US: Joins WTO consultations on China textile subsidies
The United States and European Union are to join consultations between Mexico and China at the World Trade Organization (WTO) on the issue of subsidies provided by China to support its textile and clothing industry.
Mexico earlier this month requested formal consultations with China as the first stage of an official disputes case.
The US and EU are supporting Mexico's case as third parties, and had ten days to make a decision after Mexico first requested consultations.
The move has been welcomed by Cass Johnson, president of the US's National Council of Textile Organizations (NCTO), who describes the case as a "landmark."
"For decades, large and comprehensive subsidies by the Chinese government have prevented free and fair markets from operating in world trade in textiles and apparel," he says.

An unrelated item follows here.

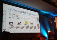 ハイビジョン・エンターテインメントの現況について分析した西谷氏は、「国内では地上デジタル放送が始まり、ハイビジョンテレビが急速に普及してきた。ユーザーの方々のコンテンツに対する志向性も、SDからHDへ、クオリティへのこだわりが生まれつつある」と指摘。「既にカムコーダーの分野で、ハイビジョンはユーザーのスタンダードになりつつある。今後はパーソナルコンテンツの自己録再だけでなく、BD-ROMによる映画・音楽のハイビジョンコンテンツが数多く出回ることにより、それを高品位に楽しむためのテレビやプレーヤーなど、ハードの成長を後押しして行くこととなるだろう」と語った。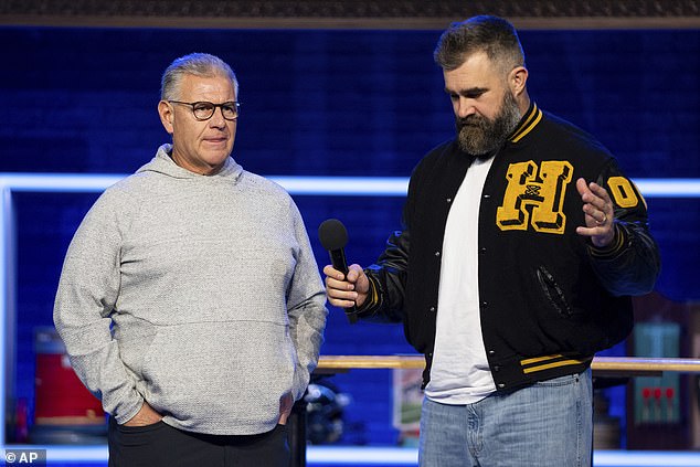 Former NFL player and ESPN analyst Jason Kelce, right, performs a skit with NFL Hall of Famer Harold Carmichael, left

NCTO has listed 30 subsidies given to Chinese textile and apparel producers by the Chinese government, and notes that US imports of Chinese textile and apparel products have increased by 523% or $34bn over the past 11 years, and now total nearly $41bn. Over the same time, Chinese market share has increased from 10% to 40%.
"The US government decision to join the consultations sends a strong signal of support to the government of Mexico in this important case," he adds.
Johnson also told just-style that the US typically joins consultations regarding China and subsidies because of longstanding concerns about China's government subsidies - so it would have been unusual if there was no involvement.
The US government has "made numerous statements at the WTO and through USTR [the US Trade Representative] regarding the failure of China to notify its subsidy structure to the WTO (as required) and have filed a number of WTO cases just over the last two years aimed at Chinese subsidies in other areas," he added.
The preferred course of action is for WTO members to settle the dispute amongst themselves, but if a solution is not agreed within 60 days, the complainant can request adjudication by a panel.
The Mexican government claims China's textile and clothing policy breaks the WTO's subsidies and countervailing measures agreement, the general agreement on tariffs and trade (GATT), the agriculture agreement and China's own WTO accession commitments.
Support that Mexico says is illegal under world trade law includes: income tax, import duty, VAT and municipal tax exemptions, reductions and refunds; low-cost loans, extended loan repayment periods, debt forgiveness by state-owned banks; preferential prices for land use rights; government fee refunds; discounted electricity rates; cotton production, import and distribution subsidies; and government cash payments to the sector.